The next screenshot reveals the Amazon CloudWatch dashboard displaying Amazon Bedrock AgentCore traces and spans, visualizing the execution path and latency of the deployed Strands agent.

Amazon Bedrock AgentCore providers prolong nicely past agent runtime administration and observability. Your deployed brokers can seamlessly use further Bedrock AgentCore providers, together with Amazon Bedrock AgentCore Identity for authentication and authorization, Amazon Bedrock AgentCore Gateway for instruments entry, Amazon Bedrock AgentCore Memory for context-awareness, Amazon Bedrock AgentCore Code Interpreter for safe code execution, and Amazon Bedrock AgentCore Browser for net interactions, to create enterprise-ready brokers.

Conclusion

Manufacturing AI brokers want efficiency visibility, optimization, and dependable infrastructure. For the instance use case, this integration delivered on all three fronts: attaining 20% token effectivity beneficial properties, 35% accuracy enhancements for the instance use case, and performance-tuned GPU infrastructure calibrated for goal concurrency. By combining Strands Brokers for foundational agent improvement and orchestration, the NVIDIA NeMo Agent Toolkit for deep agent profiling, optimization, and right-sizing manufacturing GPU infrastructure, and Amazon Bedrock AgentCore for safe, scalable agent infrastructure, builders can have an end-to-end resolution that helps present predictable outcomes. Now you can construct, consider, optimize, and deploy brokers at scale on AWS with this built-in resolution. To get began, take a look at the Strands Agents and NeMo Agent Toolkit integration example and deploying Strands Agents and NeMo Agent Toolkit to Amazon Bedrock AgentCore Runtime.

Concerning the authors

Kosti Vasilakakis is a Principal PM at AWS on the Agentic AI staff, the place he has led the design and improvement of a number of Bedrock AgentCore providers from the bottom up, together with Runtime, Browser, Code Interpreter, and Id. He beforehand labored on Amazon SageMaker since its early days, launching AI/ML capabilities now utilized by 1000’s of corporations worldwide. Earlier in his profession, Kosti was a knowledge scientist. Exterior of labor, he builds private productiveness automations, performs tennis, and enjoys life together with his spouse and children.

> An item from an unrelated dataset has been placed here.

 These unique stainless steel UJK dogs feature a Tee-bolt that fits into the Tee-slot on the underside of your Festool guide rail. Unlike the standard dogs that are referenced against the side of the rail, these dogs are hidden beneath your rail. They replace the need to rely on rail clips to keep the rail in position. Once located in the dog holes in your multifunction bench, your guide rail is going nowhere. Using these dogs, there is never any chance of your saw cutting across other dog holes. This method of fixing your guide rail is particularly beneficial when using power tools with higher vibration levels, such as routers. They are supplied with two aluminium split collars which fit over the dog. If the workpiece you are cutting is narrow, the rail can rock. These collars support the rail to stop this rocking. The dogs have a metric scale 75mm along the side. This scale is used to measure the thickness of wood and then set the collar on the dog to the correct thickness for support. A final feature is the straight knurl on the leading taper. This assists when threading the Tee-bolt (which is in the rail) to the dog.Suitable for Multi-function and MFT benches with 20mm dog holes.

Sagar Murthy is an agentic AI GTM chief at AWS, the place he collaborates with frontier basis mannequin companions, agentic frameworks, startups, and enterprise prospects to evangelize AI and knowledge improvements, open-source options, and scale impactful partnerships. With collaboration experiences spanning knowledge, cloud and AI, he brings a mix of technical options background and enterprise outcomes focus to please builders and prospects.

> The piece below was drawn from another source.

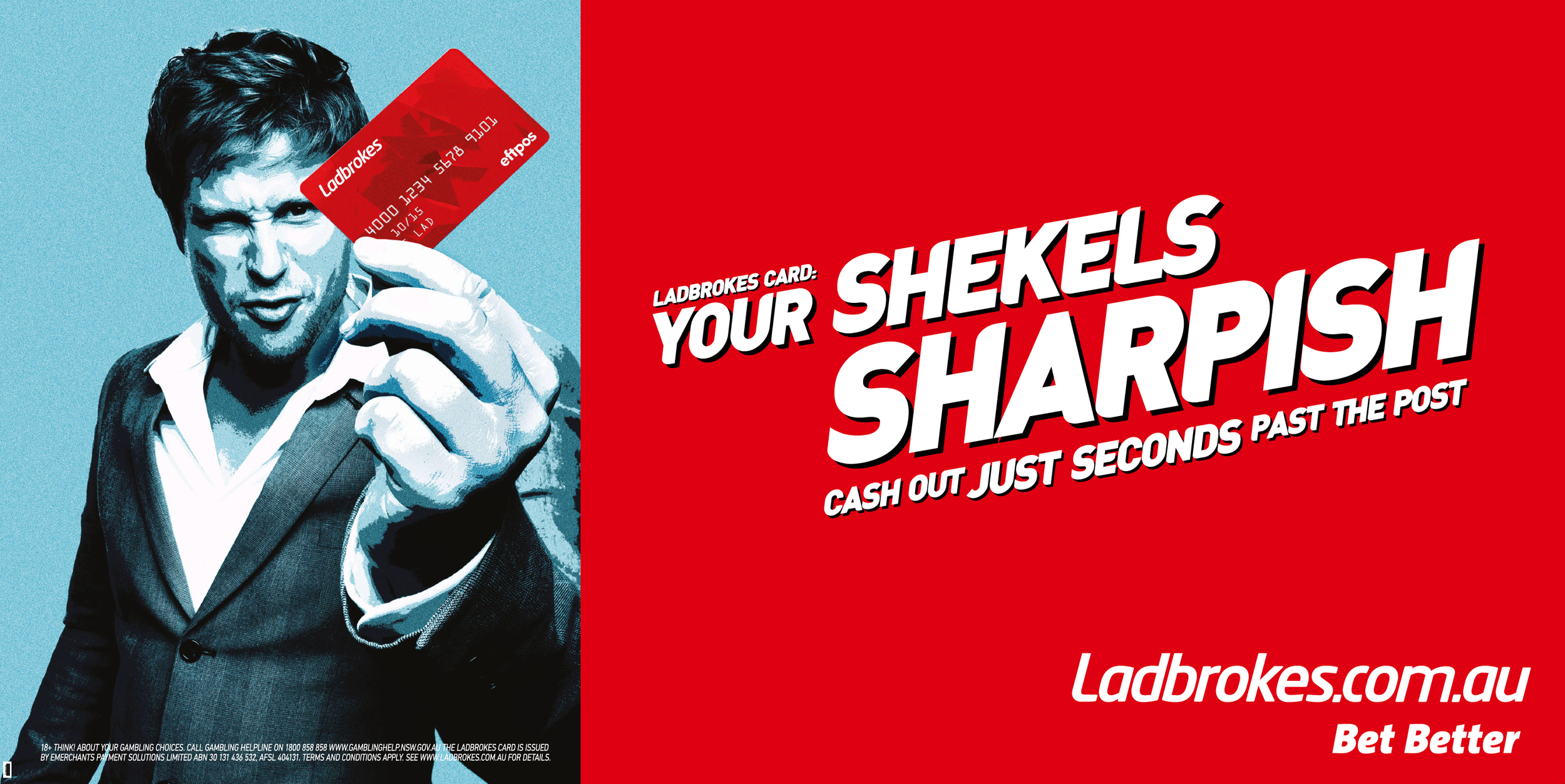 The relaunch of Ladbrokes in Australia. With the competition in Australia so bloody Australian, patying homage to the heritage of the client made complete sense as a differentiator. The main character was found, an original Chelsea lad. With the cockney accent, Ladbrokes stood out. In radio. In tv. And in outdoor.

Chris Smith is a Options Architect at AWS specializing in AI-powered automation and enterprise AI agent orchestration. With over a decade of expertise architecting options on the intersection of generative AI, cloud computing, and programs integration, he helps organizations design and deploy agent programs that rework rising applied sciences into measurable enterprise outcomes. His work spans technical structure, security-first implementation, and cross-functional staff management.

Ranjit Rajan is a Senior Options Architect at NVIDIA, the place he helps prospects design and construct options spanning generative AI, agentic AI, and accelerated multi-modal knowledge processing pipelines for pre-training and fine-tuning basis fashions.

Abdullahi Olaoye is a Senior AI Options Architect at NVIDIA, specializing in integrating NVIDIA AI libraries, frameworks, and merchandise with cloud AI providers and open-source instruments to optimize AI mannequin deployment, inference, and generative AI workflows. He collaborates with AWS to reinforce AI workload efficiency and drive adoption of NVIDIA-powered AI and generative AI options.

Abhishek Sawarkar is a product supervisor within the NVIDIA AI Enterprise staff engaged on Agentic AI. He focuses on product technique and roadmap of integrating Agentic AI library in associate platforms & enhancing person expertise on accelerated computing for AI Brokers.